▶ Recorded data:
══════════════════════════════

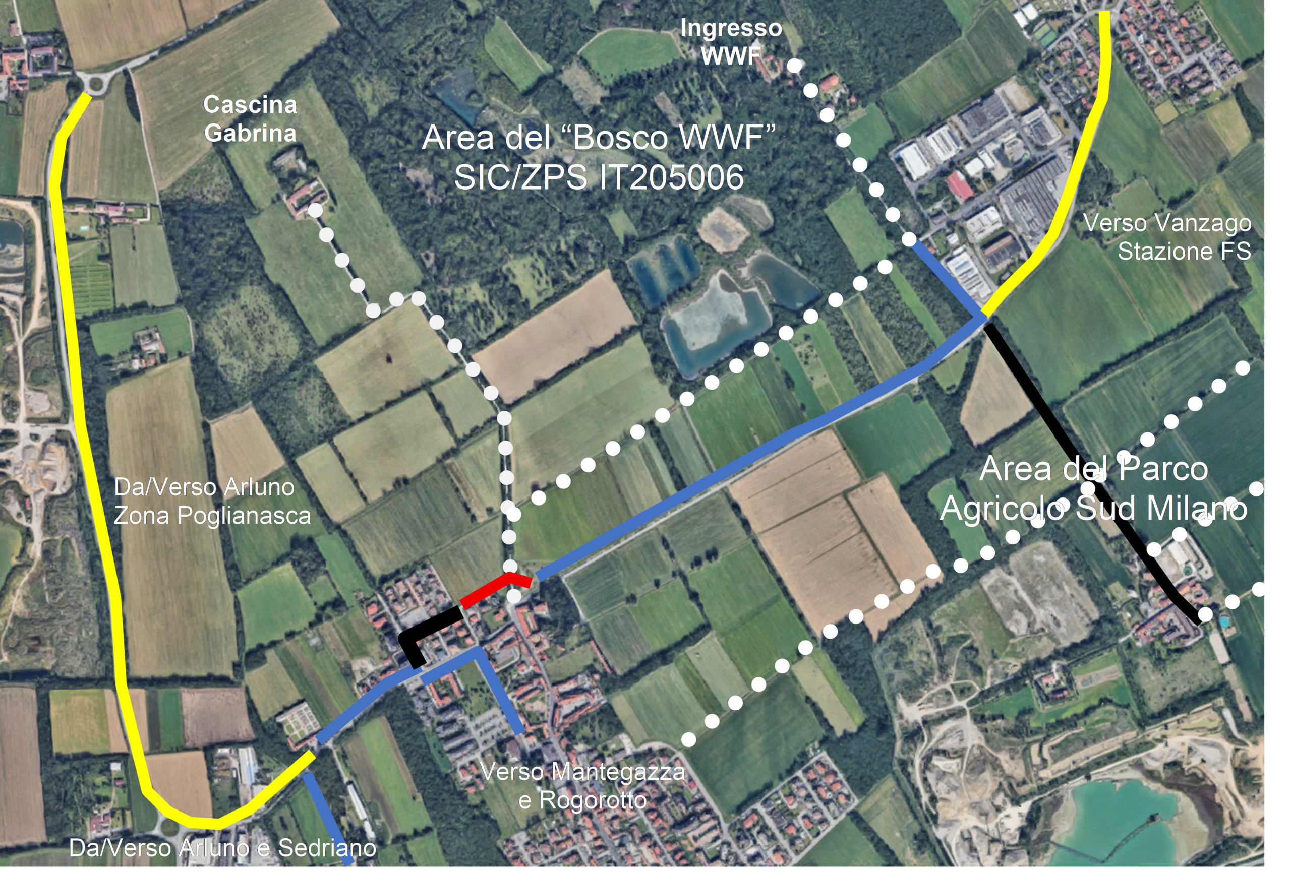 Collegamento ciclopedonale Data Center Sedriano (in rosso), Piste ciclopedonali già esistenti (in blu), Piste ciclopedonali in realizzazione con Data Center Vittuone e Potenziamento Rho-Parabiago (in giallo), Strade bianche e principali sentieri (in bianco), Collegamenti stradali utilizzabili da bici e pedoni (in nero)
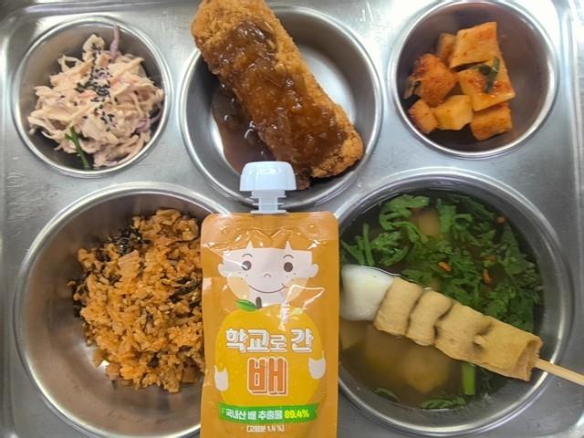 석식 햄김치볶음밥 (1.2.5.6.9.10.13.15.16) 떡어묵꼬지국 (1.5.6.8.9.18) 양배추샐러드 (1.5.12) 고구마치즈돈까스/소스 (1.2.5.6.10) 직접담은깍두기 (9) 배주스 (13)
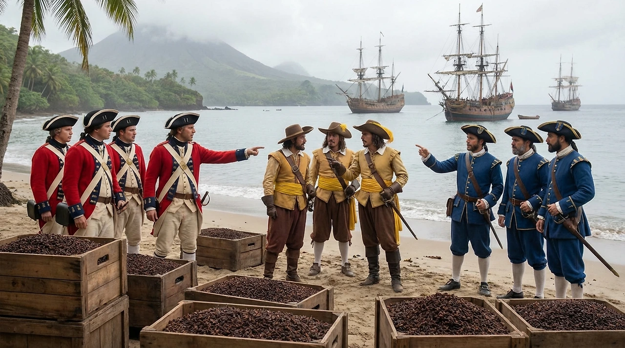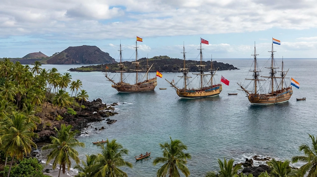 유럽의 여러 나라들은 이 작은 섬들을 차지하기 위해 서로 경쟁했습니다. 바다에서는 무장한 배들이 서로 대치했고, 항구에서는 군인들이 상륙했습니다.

══════════════════════════════

▶ Exercise directions: Copy the listing above word for word. Do not include the pictures.

▶ Answer section:
 Collegamento ciclopedonale Data Center Sedriano (in rosso), Piste ciclopedonali già esistenti (in blu), Piste ciclopedonali in realizzazione con Data Center Vittuone e Potenziamento Rho-Parabiago (in giallo), Strade bianche e principali sentieri (in bianco), Collegamenti stradali utilizzabili da bici e pedoni (in nero)
 석식 햄김치볶음밥 (1.2.5.6.9.10.13.15.16) 떡어묵꼬지국 (1.5.6.8.9.18) 양배추샐러드 (1.5.12) 고구마치즈돈까스/소스 (1.2.5.6.10) 직접담은깍두기 (9) 배주스 (13)
 유럽의 여러 나라들은 이 작은 섬들을 차지하기 위해 서로 경쟁했습니다. 바다에서는 무장한 배들이 서로 대치했고, 항구에서는 군인들이 상륙했습니다.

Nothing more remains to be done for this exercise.